Prove that $$\binom{2n}{n}\ge\dfrac{2^{2n-1}}{\sqrt{n}}$$
By the way: I have see $$\binom{2n}{n}\ge\dfrac{4^n}{2n}=\dfrac{2^{2n-1}}{n}$$
proof: Applying the binomial theorem $$4^n=(1+1)^{2n}=\sum_{k=0}^{2n}\binom{2n}{k}=2+\sum_{k=1}^{2n-1}\binom{2n}{k}\le 2n\binom{2n}{n}$$
becasuse $$\binom{2n}{k}\le\binom{2n}{n},k=0,1,2,\cdots,2n$$
But $$\dfrac{2^{2n-1}}{\sqrt{n}}\ge\dfrac{2^{2n-1}}{n}$$
so my question must use other methods? Thank you?

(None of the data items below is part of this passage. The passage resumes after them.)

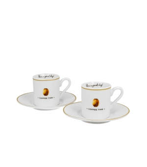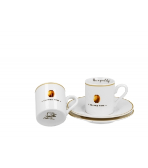 Sada dvoch espressových šálok s podšálkami COFFEE TIME 2 z kolekcie VARIOUS. Tieto produkty sú vyrobené z porcelánu New Bone China, materiálu známeho svojou vynikajúcou odolnosťou a lesklým, krémovo bielym vzhľadom.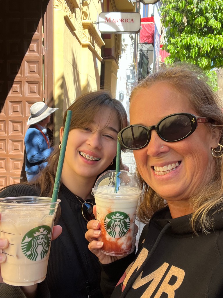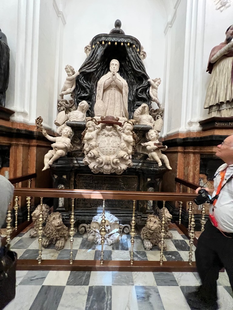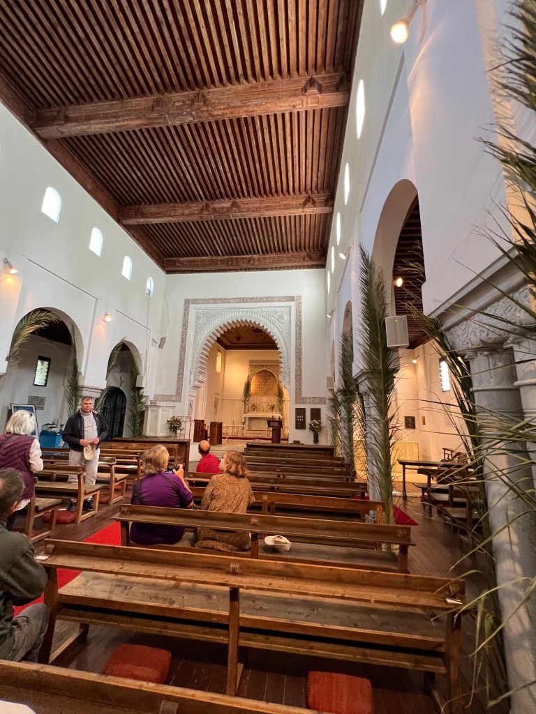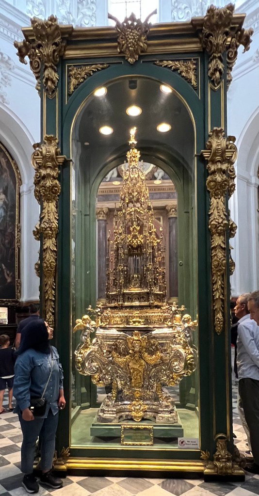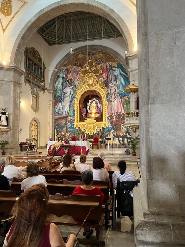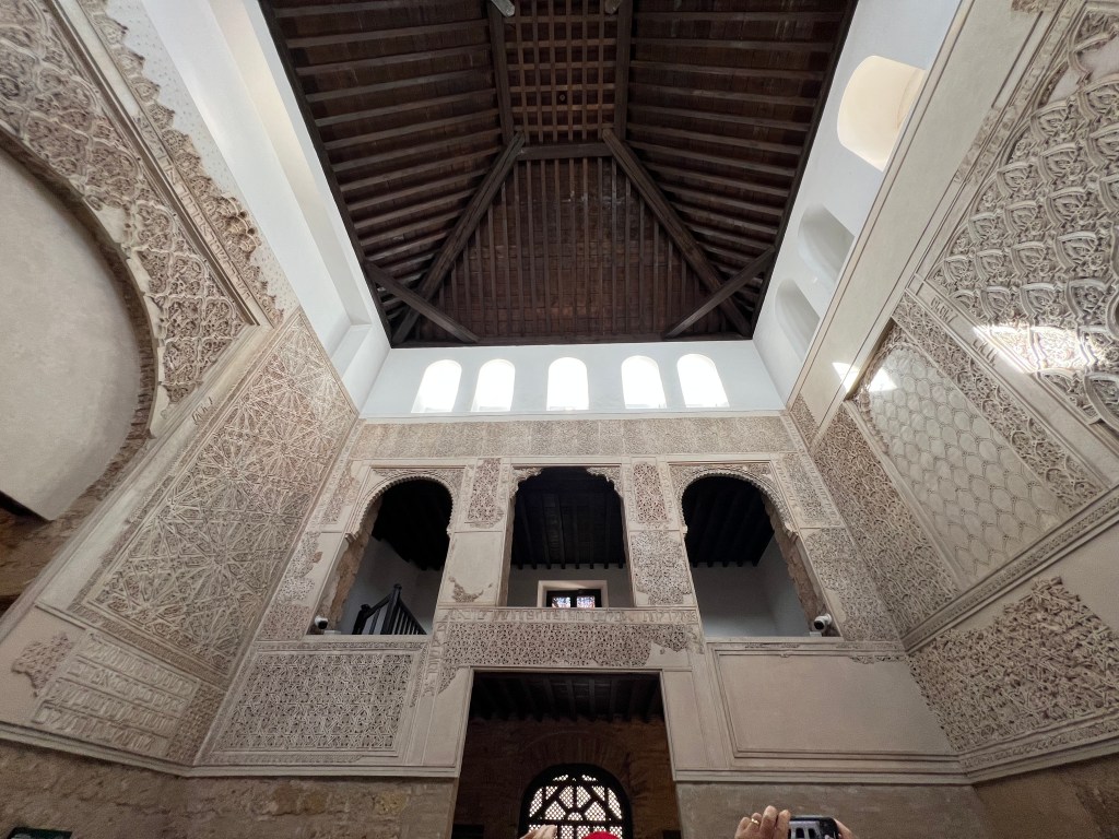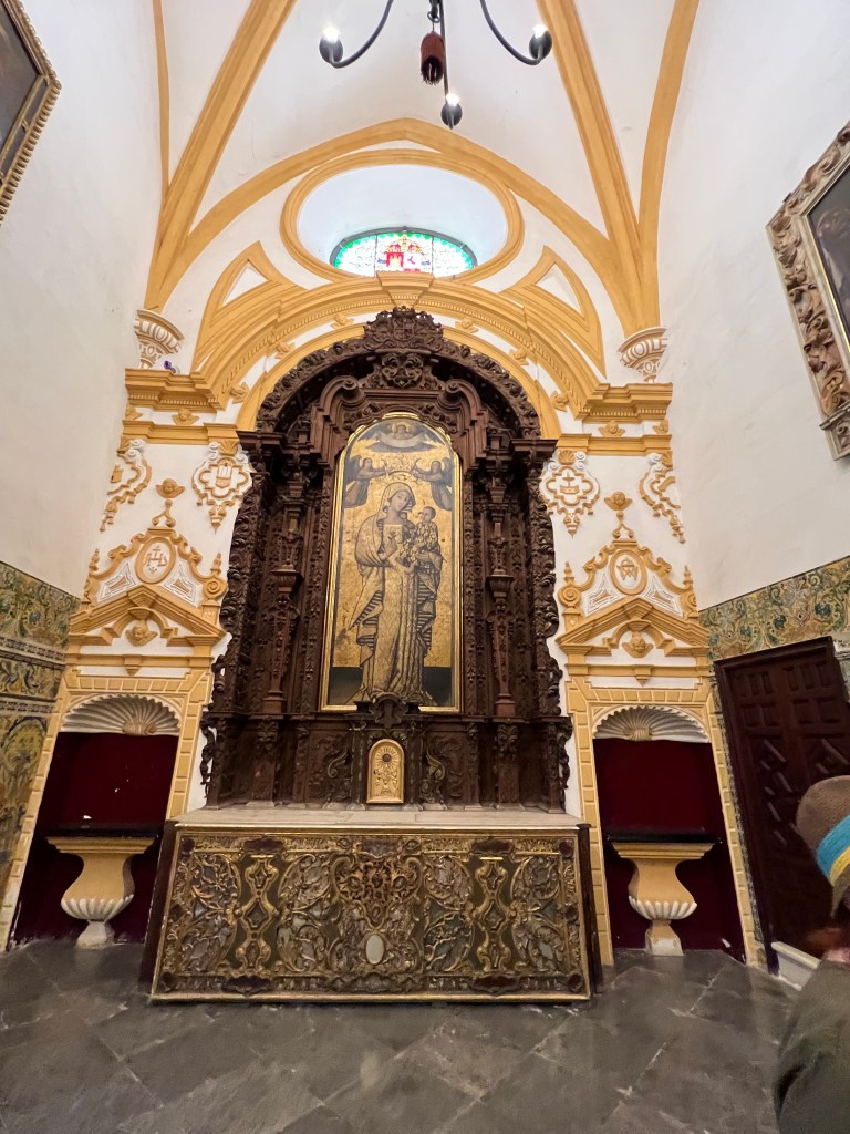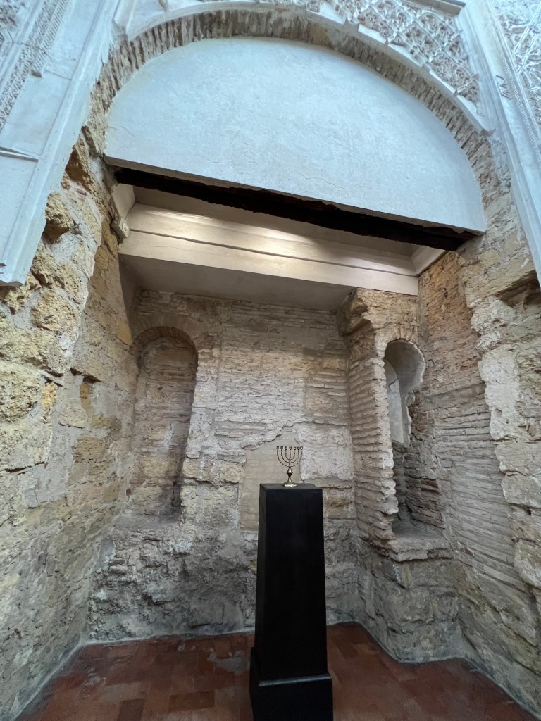 This morning we woke up in Malaga Spain even before the sun was up. Last night we moved our clocks ahead TWO hours and that 7am wake up call felt like the 5am it was to our bodies. It’s a good things we ordered room service because my alarm didn’t go off, I didn’t hear him knock on the door, so they called and woke us up. We had an hour to get ready before we had to be at the Main Stage to meet our tour group at 8:00 am. Today we took a brief driving tour around the town of Malaga and saw the fountain, the kasbah, the soccer stadium, the bullfighting stadium (where they have actual bullfighting, in Morocco they’ve deemed it inhumane so they are all shut down), a couple of churches and some historic building before we headed to the freeway. We took a two hour drive to the city of Cordoba. Along the way we passed through miles and miles of olive trees and then vineyards. The olive trees are actually called “The Sea of Olives” and spans 1.3 million hectares (3212369.959 acres) and over 180 million olive trees and are between Jaén and Estepa. This area is currently under candidacy for being registered as UNESCO World Heritage sight. It would be Spain’s 49th sight if approved. Once we arrived in Cordoba, we had a great walking tour all around the old town section of Cordoba. We first visited the old Jewish quarter and the Mudejar Synagogue. This synagogue had been covered over with plaster and paint and was discovered during a renovation of the building that was at that time a hospital. We found a Starbucks and had a brief break so, Megan and I took a quick run over to enjoy our first “home” treat in a long time. The highlight of todays trip by far was the Great Mosque of Cordoba also called the Mosque-Cathedral of Cordoba. They started construction in 785 and continued to add on to it for centuries. It was used as a temple, a Catholic Church and a Mosque. The building was so rich in religious artifacts, symbols, statues and paintings. I kept catching myself saying WOW. It is one of the most beautiful places I have ever seen before. There are two pipe organs and multiple alters. The brick-and-stone striped arches are supported by 856 granite and marble pillars. There is a bell tower in the courtyard that stands over 150 feet tall. It is the largest urban center declared World Heritage Site by the UNESCO. I took so many photos and they pale in comparison to what we actually saw. After our visit to the church we walked through the narrow passages, walkways and alleys to a lovely restaurant where we had lunch. We were served a chilled tomato soup, meat and potatoes, and frozen dessert. We were also served bottled water and red wine. It was a very traditional Spanish lunch and it was delicious. After lunch we had quite a long walk back past the Mosque through an ancient gate and across a Roman bridge to where the bus awaited on the other side. We then had a to hour drive back to the port and our ship. We had a few moments to do some quick shopping at the shops at the port, I got a magnet, Megan got a keychain and we had the opportunity to sample and then purchase some Spanish Iberico ham that was freshly carved off the leg in front of us. I will be enjoying that soon. We got back on the ship around 5:30pm and decided to go to the Main dining room for a quick dinner. Again, I wasn’t very hungry after a large lunch so I ate light. After dinner I changed into my cozies and headed to an acupuncture appointment. I am happy to say my hip is better today. Three days of almost 10k steps every day and lots of sitting on a bus and I am happy to report that I am not in pain this evening. I am writing my blog so I can go to bed, because with these crazy schedules I know if I don’t do it now I will forget everything I did today by this time tomorrow. Such busy days, such little sleep, and so many blessings in everything I am getting to do and see. Again, another day of an overwhelming number of photos. Please enjoy them. I encourage you if you get a chance to look up the Mosque we visited today and learn about it and all of it’s wonderful history.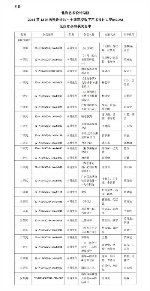 近日,2024第12届未来设计师·全国高校数字艺术设计大赛(NCDA)全国总决赛落下帷幕。设计艺术学院学生在此次大赛中共荣获全国一等奖5项、二等奖6项、三等奖12项、优秀奖1项;获广西区赛一等奖45项、二等奖32项、三等奖40项;设计艺术学院获教师组广西赛区二等奖1项、三等奖1项。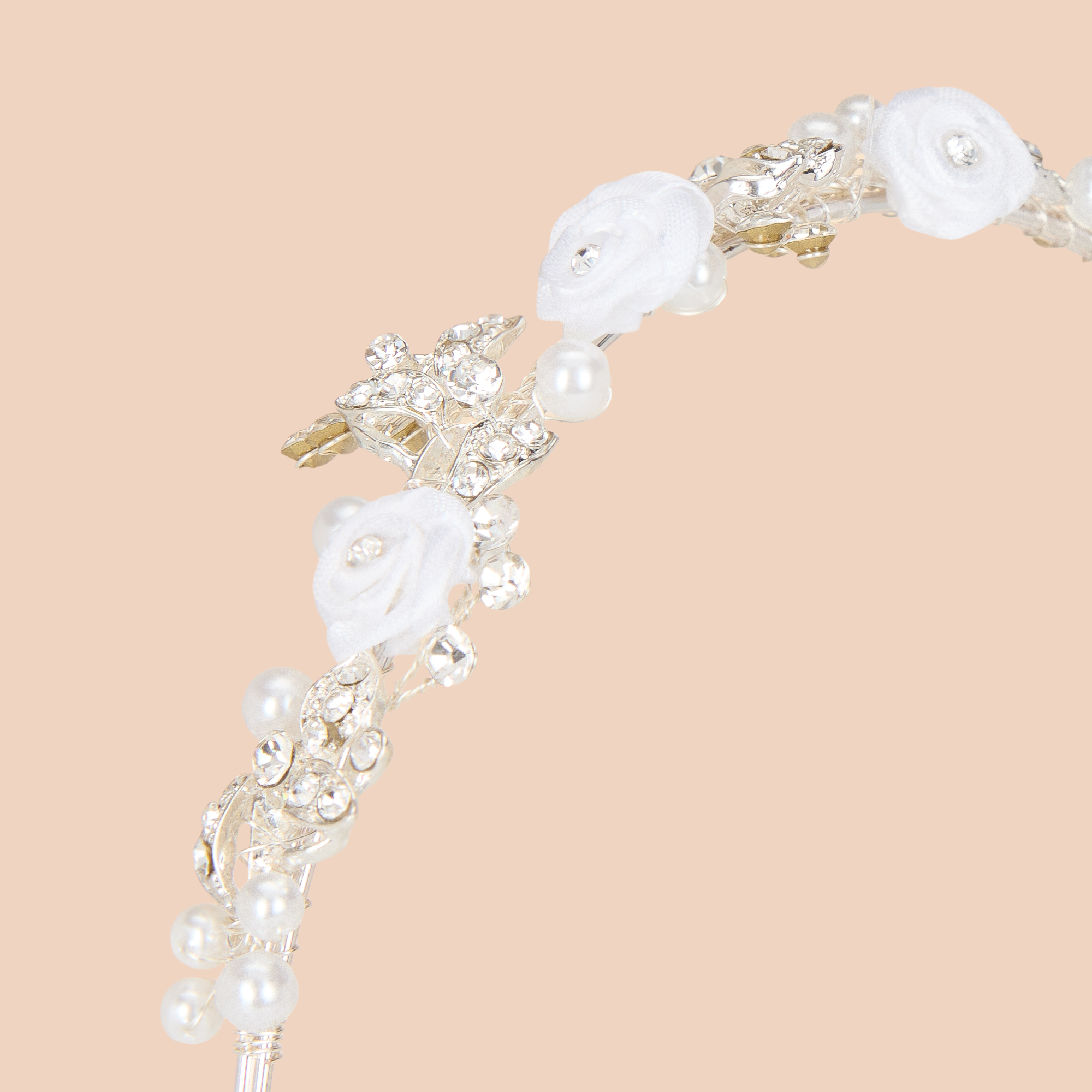 - Diamanté embellished design, floral appliqué detailing, pearlescent stones, polished silver-tone finish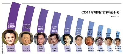 9月23日,胡潤(rùn)研究院發(fā)布2014百富榜,阿里巴巴創(chuàng)始人馬云及其家族以1500億財(cái)富首次成為中國(guó)大陸首富。前十富豪中IT業(yè)占一半,4名房地產(chǎn)富豪跌出前十榜單。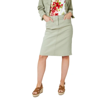 Roman Originals Denim Skirt with Pockets for Women UK Ladies Jean Skirts Cotton Stretch Mid Wash Fitted A Line Casual Smart Work Office Knee Length Flattering Slimming Sage Size 20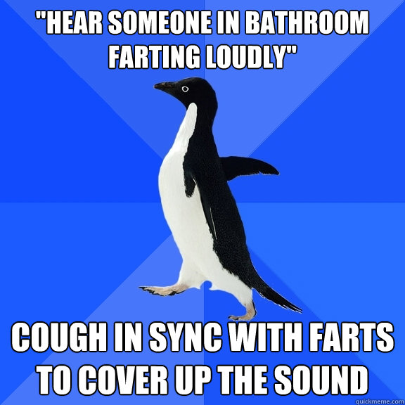"hear someone in bathroom farting loudly" COUGH IN SYNC WITH FARTS TO COVER UP THE SOUND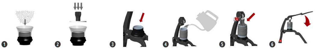 4. Adăugați cilindrul și umpleți cu apă fiartă - Adăugați cilindrul fără preîncălzire în Portafilter, apoi umpleți cu apă clocotită. Nu depășiți linia de umplere maximă.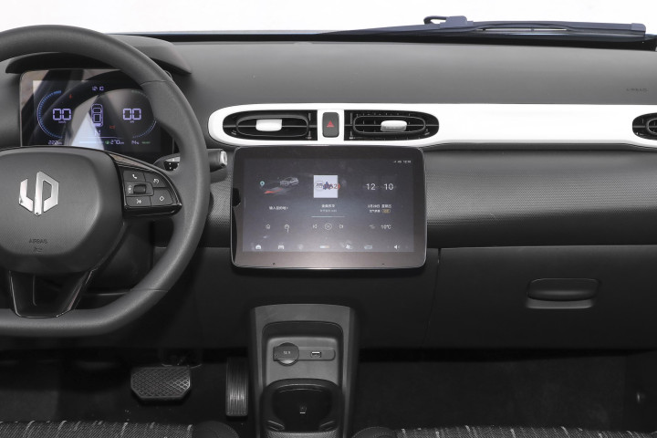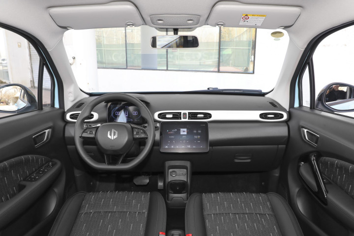 从外观部分进入到车辆的内部,内饰方面两款车型由于是微型车的原因,所以在内饰设计方面还是以简洁化为主,整体的设计风格主要采用的是以实用为主的风格设计。首先是零跑T03,这款车型的内部设计采用的是黑色为主的设计风格,而且内饰中控台布局简单合理,搭配硬塑料的材质,虽然不会显得高档,但是实用性还是不错的,而在配置方面,搭载有8 英寸悬浮式仪表盘以及10.1 英寸的中控屏,在配置方面还是以实用为主,而且在车机系统方面配备的是Leapmotor OS,无论是在功能性方面还是实用性方面确实有着不错的表现,而且搭载的是科大讯飞 3.0 系统语音控制系统,能够轻松且快捷的实现语音交互,带来更加方便的用车体验。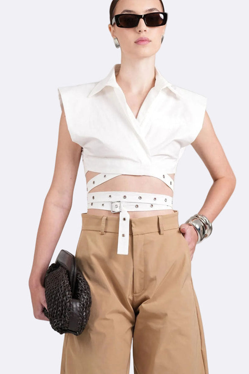 The Terry Crop is a sleeveless, wrap-style crop with an adjustable belt detail. Made from a soft yet structured cotton, it features a crisp collar and defined shoulders.
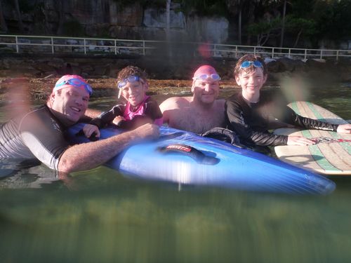 These two juvenile humans aged 9 and 11 (Ben and Riley?) are lovlingly introduced to the wild seas of the bay by their fathers. Other offsprings spotted today were Michael R’s nephew John (11) and niece Ella (12). They were swimming too fast for today’s blogger to snap a photo of them, but hopefully next time.

Use the induction. Suppose it is true for some $ n $ (and it is true for $ n = 1 $):
\begin{equation} \binom{2n}{n} \ge \frac{2^{2n-1}}{\sqrt{n}}, \end{equation}
let's have a look at $ n + 1 $:
\begin{equation} \binom{2(n+1)}{n+1} = \binom{2n}{n}\frac{(2n+1)(2n+2)}{(n+1)(n+1)} \end{equation} \begin{equation} \frac{2^{2(n+1)-1}}{\sqrt{n+1}}=\frac{2^{2n-1}}{\sqrt{n}}\frac{4\sqrt{n}}{\sqrt{n+1}} \end{equation} Therefore the initial statement for $n + 1$ \begin{equation} \binom{2(n+1)}{n+1} \ge \frac{2^{2(n+1)-1}}{\sqrt{n+1}} \end{equation} is equivalent to \begin{equation} \frac{(2n+1)(2n+2)}{(n+1)(n+1)} \ge \frac{4\sqrt{n}}{\sqrt{n+1}} \end{equation} \begin{equation} \frac{(2n+1)}{(n+1)} \ge \frac{2\sqrt{n}}{\sqrt{n+1}} \end{equation} \begin{equation} \frac{(2n+1)^2}{(n+1)^2} \ge \frac{4n}{n+1} \end{equation} \begin{equation} (2n+1)^2 \ge 4n(n+1) \end{equation} \begin{equation} 1 \ge 0 \end{equation}